▶ _Data excerpt_
▼
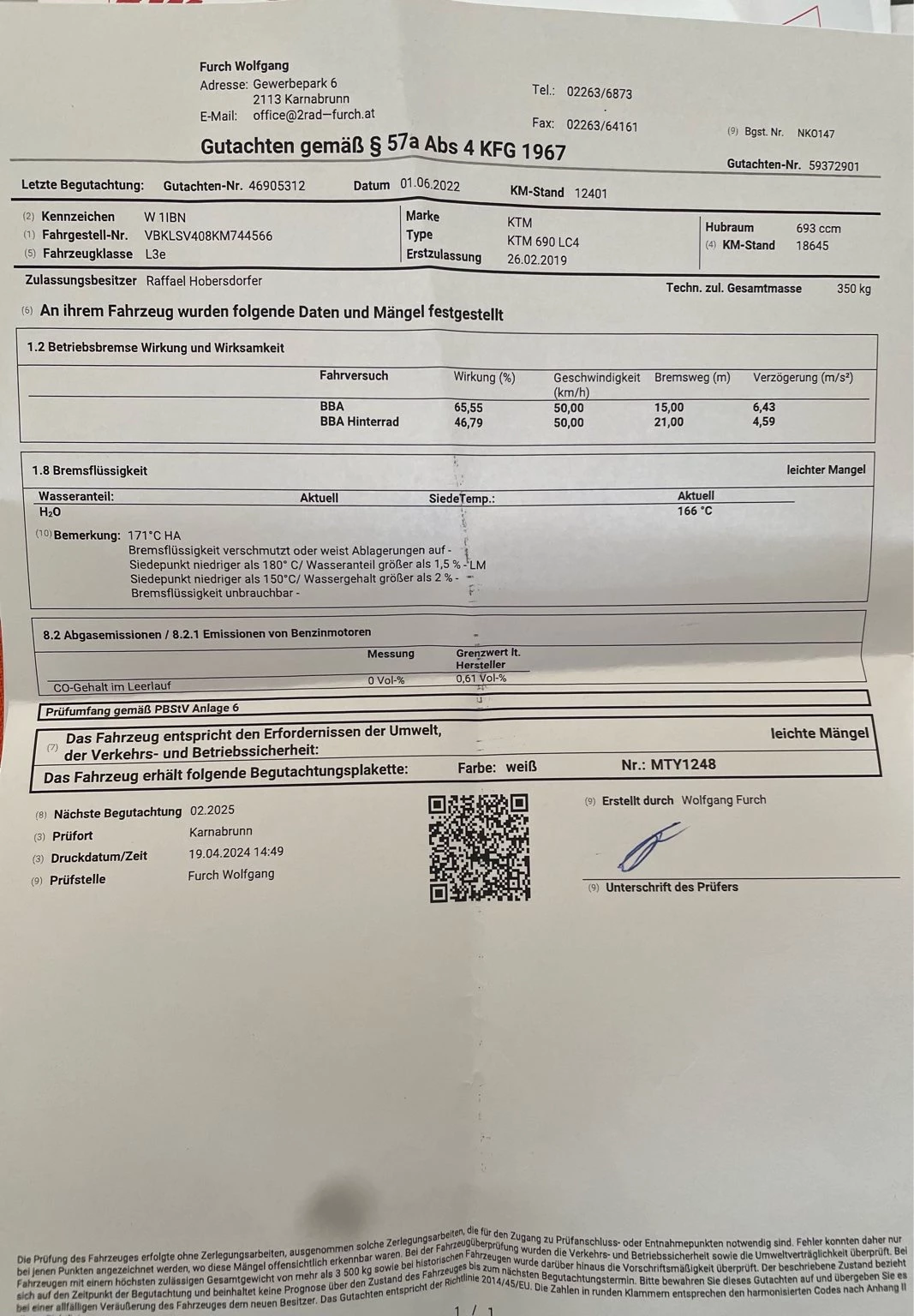 Pickerlbericht von vorigem Jahr ( siehe Bild ) , Pickerl ist fällig am 02.2026 und kann je nach absprache gerne gemacht werden.
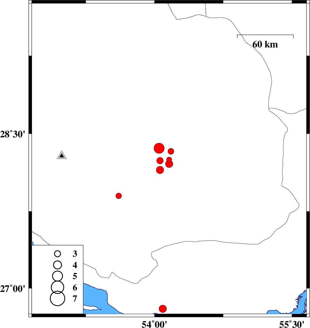 | 2008/05/06 | 05:26:21.3 | 09:56:21.3 | 28.33 | 54.18 | 14 | ML:2.9 | 58 km South-West of Darab, Fars Province | ||
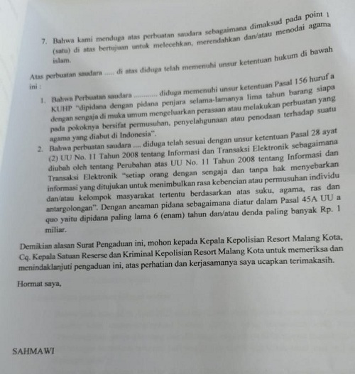Pemilik akun Facebook tersebut dilaporkan dengan tuduhan ancaman serta penghasutan di akun media sosial Facebook miliknya yang diduga dapat menodai kerukunan masyarakat Kota Malang, dan dapat memicu konflik horizontal di tengah masyarakat.
▲
▶ _What the task requires_
Give all the lines above again, character for character, without pictures.

▶ _Response to this exercise_
 Pickerlbericht von vorigem Jahr ( siehe Bild ) , Pickerl ist fällig am 02.2026 und kann je nach absprache gerne gemacht werden.
 | 2008/05/06 | 05:26:21.3 | 09:56:21.3 | 28.33 | 54.18 | 14 | ML:2.9 | 58 km South-West of Darab, Fars Province | ||
Pemilik akun Facebook tersebut dilaporkan dengan tuduhan ancaman serta penghasutan di akun media sosial Facebook miliknya yang diduga dapat menodai kerukunan masyarakat Kota Malang, dan dapat memicu konflik horizontal di tengah masyarakat.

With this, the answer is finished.